Joan of Arc

1412 – 1431 Military Middle Ages

Key Facts

  • Reçoit ses premières visions à 13 ans à Domrémy et se croit investie d'une mission divine
  • Lève le siège d'Orléans en mai 1429, victoire décisive qui lui vaut le titre de Pucelle d'Orléans
  • Fait sacrer Charles VII à Reims le 17 juillet 1429, restaurant la légitimité royale
  • Capturée par les Bourguignons à Compiègne en mai 1430, vendue aux Anglais
  • Condamnée pour hérésie et brûlée vive à Rouen le 30 mai 1431, à moins de 19 ans
  • Réhabilitée par procès en révision en 1456, canonisée en 1920 par le pape Benoît XV

Biography

Joan of Arc was born around 1412 in Domrémy, a small village in Lorraine, into a modest peasant family. From the age of thirteen, she claimed to hear the voices of saints — including Saint Michael, Saint Catherine and Saint Margaret — who entrusted her with a divine mission: to drive the English out of France and have the Dauphin Charles crowned at Reims. Against the backdrop of the Hundred Years' War, with France devastated and the kingdom fragmented, this young shepherdess with no military training would accomplish one of the most astonishing feats of medieval history.

In 1429, after convincing captain Robert de Baudricourt to take her to the Dauphin at Chinon, Joan obtained command of an army. Within weeks, she lifted the siege of Orléans — a strategic city held for months by the English — in May 1429. This resounding victory earned her the name "the Maid of Orléans." In the following months, she won several decisive battles along the Loire, opening the road to Reims.
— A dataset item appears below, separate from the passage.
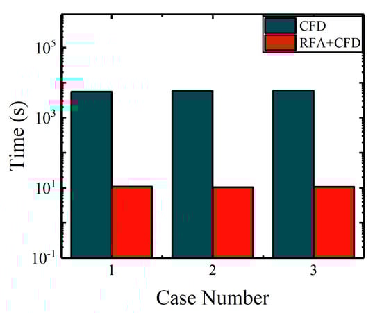 CFD simulations of dynamic cases inherently demand extended computational durations. To verify the efficiency of the developed model, the convergence time for the last cycle of dynamic simulations was quantified. The comparisons of the computational time required for last cycle between the aerodynamic model and CFD are illustrated below. In Figure 29, three deflection laws are considered. Case Numbers 1, 2, and 3 represent three deflection laws, respectively, independent leading edge deflection, main airfoil deflection, and the combined deflections of the main airfoil and active leading edge. In this study, a computer, equipped with an Intel(R) Core (TM) i7-8700 CPU @3.20 GHz, featuring a total of six cores and 32 GB RAM, was employed to perform aerodynamic calculations using both the CFD method and the developed model, respectively.

On 17 July 1429, Charles VII was crowned King of France at Reims Cathedral, fulfilling the prophecy Joan had proclaimed. This was the pinnacle of her mission: the sovereign's legitimacy was restored in the eyes of the kingdom and of Europe. Joan then sought to retake Paris, but the assault failed and she was gradually sidelined from military decisions by the king's advisers.

In May 1430, during a sortie near Compiègne, Joan was captured by Burgundian soldiers allied with the English. Sold to the English for ten thousand livres, she was tried at an ecclesiastical court in Rouen, presided over by Bishop Pierre Cauchon. Accused of heresy and witchcraft — notably for wearing men's clothing — she was condemned and burned at the stake in Rouen's Vieux-Marché square on 30 May 1431. She was not yet twenty years old.

Her memory was not extinguished with the flames. In 1456, a retrial quashed the 1431 verdict and solemnly rehabilitated her. Beatified in 1909, she was canonised on 16 May 1920 by Pope Benedict XV and declared a secondary patron saint of France. Joan of Arc is today one of the most celebrated figures in world history, a universal symbol of courage, faith and resistance against oppression.